A dedicated panel on “Toward Collective Action: Safe & Trusted AI in Africa” featured African thought leaders like Amb. Philip Thigo, Dr. Chinasa T. Okolo, Dr. Kola Ijasan, Prof. Jonathan Shock, and Mark Gaffley. Thigo emphasized that “unsafe AI is not only a technical failure—it’s when systems extract African data and concentrate value elsewhere,” warning against digital neo-colonialism and advocating for national safety nodes, regional benchmarks, and procurement standards.

These discussions aligned with broader calls for South-South coalitions, positioning Africa as an active innovator rather than a passive consumer of AI technologies. As Marine Collins Ragnet, AI Lead at NYU’s Peace Research and Education Program, noted in a related summit interview: “It’s incredible to see the approach that India has taken to become sovereign in its AI development… India really sits at a very interesting position as a broker between the Global South and the Global North.”

Outcomes and Broader Implications

The symposium not only fostered collaborations but also fed into the summit’s policy outputs, including the Delhi Declaration on AI, which pledges equitable global access. By bringing together academics, policymakers, and industry, it underscored India’s ambition to lead AI standards while amplifying Global South voices.
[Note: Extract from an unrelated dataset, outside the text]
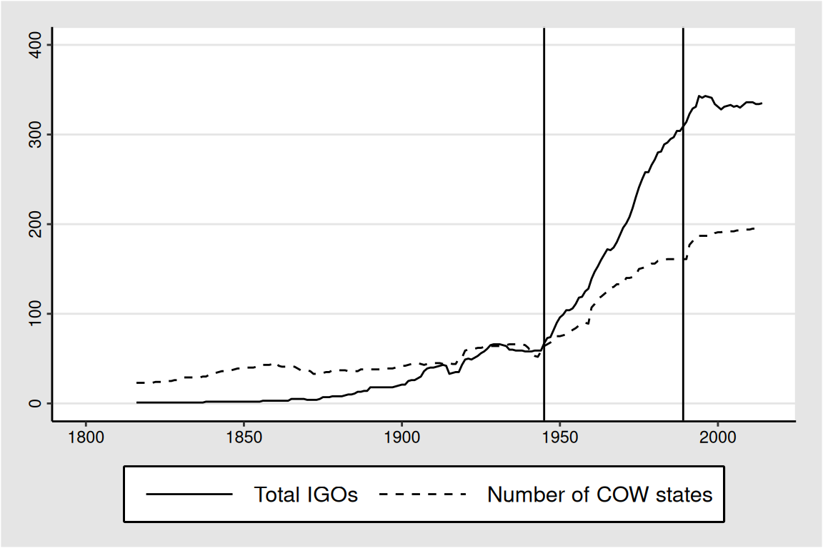 The analysis is based on those provided in J. C. Pevehouse et al. (2020). For more information on the IGO data sets and additional downloads, see Intergovernmental Organizations (v3).
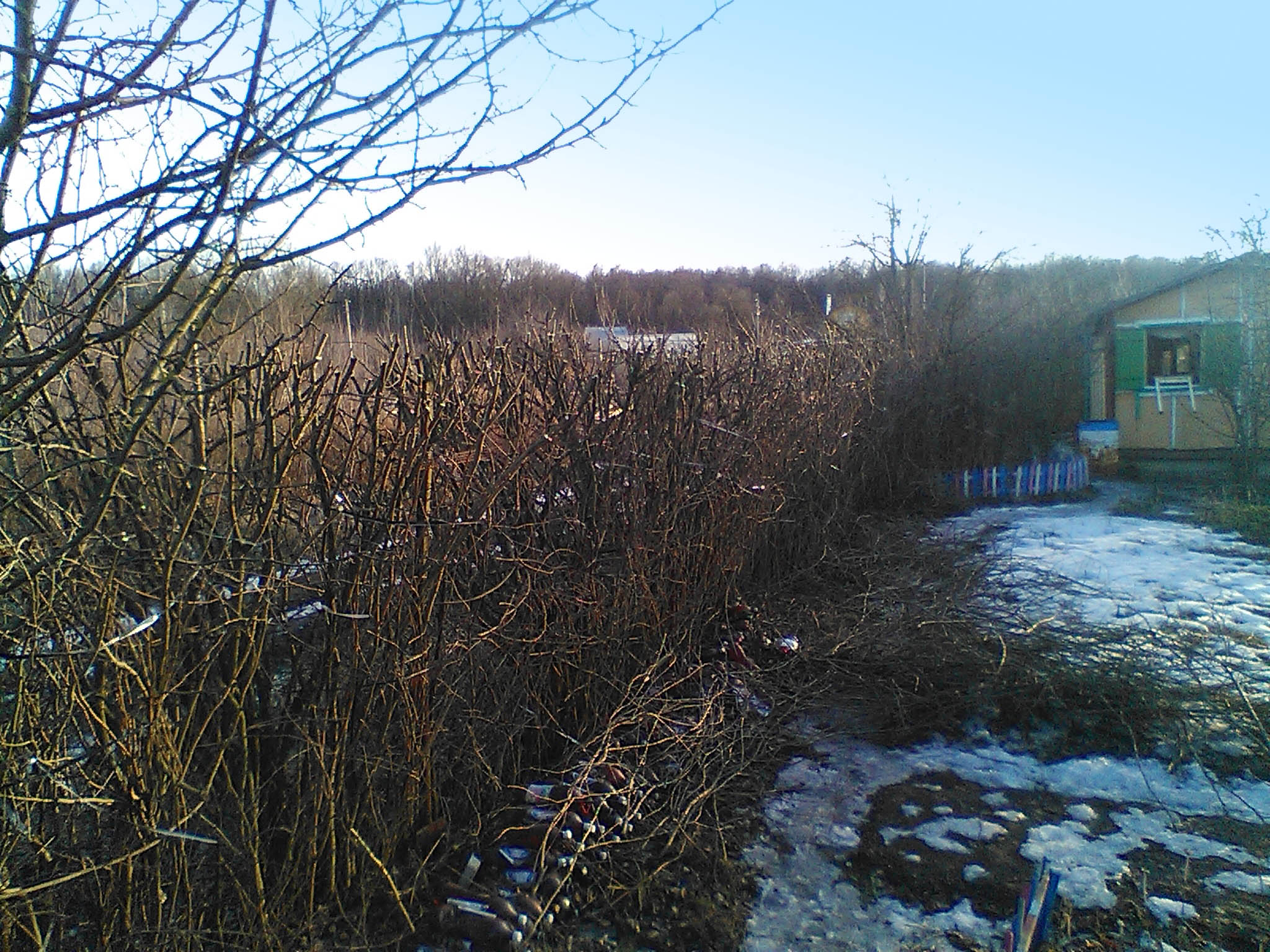 Кстати, начало марта — самое время для того чтобы постричь живую изгородь. Особенно, если она, например, как у меня, состоит из сплошных зарослей акации.

For Africa, the event signals opportunities for partnerships in data infrastructure, talent development, and sector-specific AI applications. As the continent grapples with only 2% of global AI training data, initiatives like those discussed could accelerate sovereign AI ecosystems, from Rwanda’s national policy to Nigeria’s startup boom.

As the India AI Impact Summit wrapped up, the symposium’s legacy lies in its call to action: turning AI research into inclusive progress that benefits all of humanity, with the Global South at the forefront.